Hummus

I first encountered Hummus in a middle-eastern restaurant in Qatar. It was light, creamy and fluffy in texture. It tasted heavenly! Hummus is a blend of Chickpeas, tahini, olive oil, and garlic. It is usually served with pita bread in the middle-east, a match made in heaven.

The best way to make hummus is by using fresh cooked chickpeas and not the canned ones. There are different ways of making Hummus. Some like it coarser or smoother in texture. I like mine smooth. I use it as a spread for my bread along with fried eggs and some fruits on the side (my protein-packed breakfast).

This hummus is so creamy, light and fluffy, that it gets over so quickly. I end up making this every week. It’s that delicious. Let me tell you the tips and tricks I have learned, so read on or scroll down.

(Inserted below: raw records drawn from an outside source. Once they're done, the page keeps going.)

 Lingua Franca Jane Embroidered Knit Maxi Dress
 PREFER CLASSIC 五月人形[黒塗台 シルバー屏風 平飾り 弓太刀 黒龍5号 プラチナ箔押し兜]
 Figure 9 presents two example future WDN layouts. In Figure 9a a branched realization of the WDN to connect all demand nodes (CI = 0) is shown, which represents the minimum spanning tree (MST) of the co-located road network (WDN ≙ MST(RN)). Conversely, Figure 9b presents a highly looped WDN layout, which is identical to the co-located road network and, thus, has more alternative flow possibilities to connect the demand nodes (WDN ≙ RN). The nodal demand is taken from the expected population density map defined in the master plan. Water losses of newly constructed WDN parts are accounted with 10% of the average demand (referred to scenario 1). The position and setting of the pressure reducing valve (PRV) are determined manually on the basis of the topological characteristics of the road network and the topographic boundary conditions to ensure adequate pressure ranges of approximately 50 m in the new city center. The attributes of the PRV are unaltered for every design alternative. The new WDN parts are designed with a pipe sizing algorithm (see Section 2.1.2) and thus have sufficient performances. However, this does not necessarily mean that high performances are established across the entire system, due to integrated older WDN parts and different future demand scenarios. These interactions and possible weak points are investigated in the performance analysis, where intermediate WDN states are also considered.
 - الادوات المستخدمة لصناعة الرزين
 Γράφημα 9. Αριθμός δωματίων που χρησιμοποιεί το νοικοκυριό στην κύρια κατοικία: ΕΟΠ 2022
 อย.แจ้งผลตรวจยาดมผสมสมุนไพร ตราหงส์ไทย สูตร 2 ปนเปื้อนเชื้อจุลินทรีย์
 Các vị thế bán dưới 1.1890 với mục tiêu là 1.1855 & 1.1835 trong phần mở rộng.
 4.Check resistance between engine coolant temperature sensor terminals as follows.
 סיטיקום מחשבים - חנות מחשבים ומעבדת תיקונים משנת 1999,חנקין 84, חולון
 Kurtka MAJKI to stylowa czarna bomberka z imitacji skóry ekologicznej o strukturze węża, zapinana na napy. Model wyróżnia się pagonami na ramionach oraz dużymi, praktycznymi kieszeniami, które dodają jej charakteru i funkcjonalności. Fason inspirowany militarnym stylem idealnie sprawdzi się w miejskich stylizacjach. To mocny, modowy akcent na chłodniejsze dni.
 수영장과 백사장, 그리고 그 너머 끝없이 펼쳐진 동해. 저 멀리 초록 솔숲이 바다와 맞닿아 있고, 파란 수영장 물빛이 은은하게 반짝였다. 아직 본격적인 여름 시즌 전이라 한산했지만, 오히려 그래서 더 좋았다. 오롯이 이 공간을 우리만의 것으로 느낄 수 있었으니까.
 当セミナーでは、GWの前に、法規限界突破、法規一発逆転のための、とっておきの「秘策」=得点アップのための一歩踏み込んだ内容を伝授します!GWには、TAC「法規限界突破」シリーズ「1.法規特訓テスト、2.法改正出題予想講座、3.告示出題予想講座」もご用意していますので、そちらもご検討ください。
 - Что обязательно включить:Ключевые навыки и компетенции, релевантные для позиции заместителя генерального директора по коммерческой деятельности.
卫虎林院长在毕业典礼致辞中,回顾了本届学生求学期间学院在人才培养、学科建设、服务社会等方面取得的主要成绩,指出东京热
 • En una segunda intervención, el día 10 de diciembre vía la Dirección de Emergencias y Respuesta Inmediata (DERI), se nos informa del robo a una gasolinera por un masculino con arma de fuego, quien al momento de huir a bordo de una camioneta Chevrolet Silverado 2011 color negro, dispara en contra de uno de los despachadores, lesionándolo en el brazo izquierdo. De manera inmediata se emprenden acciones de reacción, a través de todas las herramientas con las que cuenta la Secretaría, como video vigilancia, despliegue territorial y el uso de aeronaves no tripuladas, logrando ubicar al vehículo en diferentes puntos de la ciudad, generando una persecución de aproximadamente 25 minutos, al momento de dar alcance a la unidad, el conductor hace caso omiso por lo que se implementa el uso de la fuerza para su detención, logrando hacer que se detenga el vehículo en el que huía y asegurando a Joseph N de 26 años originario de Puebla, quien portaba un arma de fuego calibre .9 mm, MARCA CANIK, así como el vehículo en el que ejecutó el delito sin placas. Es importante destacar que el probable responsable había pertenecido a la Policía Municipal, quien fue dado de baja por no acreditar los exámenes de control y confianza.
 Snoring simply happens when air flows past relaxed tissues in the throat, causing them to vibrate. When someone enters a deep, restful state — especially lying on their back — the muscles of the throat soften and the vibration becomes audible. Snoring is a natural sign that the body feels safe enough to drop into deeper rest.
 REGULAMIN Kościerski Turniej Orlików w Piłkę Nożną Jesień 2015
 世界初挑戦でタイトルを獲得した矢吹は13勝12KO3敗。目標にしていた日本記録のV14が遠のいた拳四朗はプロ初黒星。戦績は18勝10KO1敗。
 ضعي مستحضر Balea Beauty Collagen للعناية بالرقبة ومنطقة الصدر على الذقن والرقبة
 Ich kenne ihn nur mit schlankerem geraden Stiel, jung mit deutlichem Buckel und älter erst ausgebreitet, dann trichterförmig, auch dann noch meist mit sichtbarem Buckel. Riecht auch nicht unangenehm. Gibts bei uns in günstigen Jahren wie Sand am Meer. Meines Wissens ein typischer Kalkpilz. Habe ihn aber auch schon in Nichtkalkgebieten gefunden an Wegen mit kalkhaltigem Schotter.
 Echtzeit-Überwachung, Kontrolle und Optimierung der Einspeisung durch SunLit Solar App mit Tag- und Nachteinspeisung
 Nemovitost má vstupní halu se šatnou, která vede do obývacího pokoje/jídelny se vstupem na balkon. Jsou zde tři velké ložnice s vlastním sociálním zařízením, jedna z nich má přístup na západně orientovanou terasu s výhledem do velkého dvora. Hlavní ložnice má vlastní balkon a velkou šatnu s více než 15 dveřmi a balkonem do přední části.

How to make the best Hummus

  1. cooked chickpeas- Soak the chickpeas overnight and pressure cook them for 5-6 whistles. You should be able to mash the chickpeas easily with your fingers. This is important if you want a smooth and creamy texture.
  2. Tahini– It is a paste made from toasted and ground sesame seeds. You can make this at home. Check my recipe for Tahini.
  3. garlic- the rawness of the garlic disappears when it is ground with the chickpeas. If you like your hummus garlicky then you can add more. I have added less.
  4. lemon juice- use freshly squeezed lemon juice. You can add more or less, depending on how tangy you want.

Variations of Hummus

This hummus is plain. There are different varieties of hummus. Some of which I will try to put it up on my blog.

  • Roasted Pepper and garlic hummus
  • Beetroot hummus
  • Edamame hummus
  • leafy herbs hummus

Hummus

Preparation time:10 min

Cooking time:20min

Total Time:30 min

Yield: 2 cups

Cuisine: Middle-east

Ingredients

  • 2 cups cooked chickpeas
  • 1/4 cup tahini
  • 1 large clove of garlic
  • 1 tbsp olive oil
  • 2-3 tbsp lemon juice
  • 1/2 cup water
  • 1 tsp paprika
  • 1/2 tsp cumin powder
  • salt to taste
  • For garnish- sumac, olive oil, paprika, cumin powder, or parsley

Instructions

  1. Add all of the above ingredients into a food processor or high-powered blender and blend till it becomes thick and creamy. Scrape down the paste stuck to the sides of the processor as necessary.
  2. If you feel the hummus is thick, add in 1-2 tbsp more water and blend till it becomes smooth.
  3. Taste and adjust as necessary, you can add more salt or more lemon juice for an extra zing.
  4. Scrape and serve it onto a bowl. Top with garnishes of your choice.

Note: You can store this in the fridge in an airtight container for a week.


Nutrition Facts:Calories196kcal, Total Fat: 7.1g, Saturated Fat: 0.9g, Cholesterol: 0mg, Sodium: 40mg, Total Carbohydrate: 25.8g, Dietary Fiber: 7.6g, Total Sugars: 4.4g, Protein: 8.8g, Vitamin D: 0mcg, Calcium: 70mg, Iron: 3mg, Potassium: 386mg.

*The nutritional information are calculated automatically. I cannot guarantee the accuracy of this data.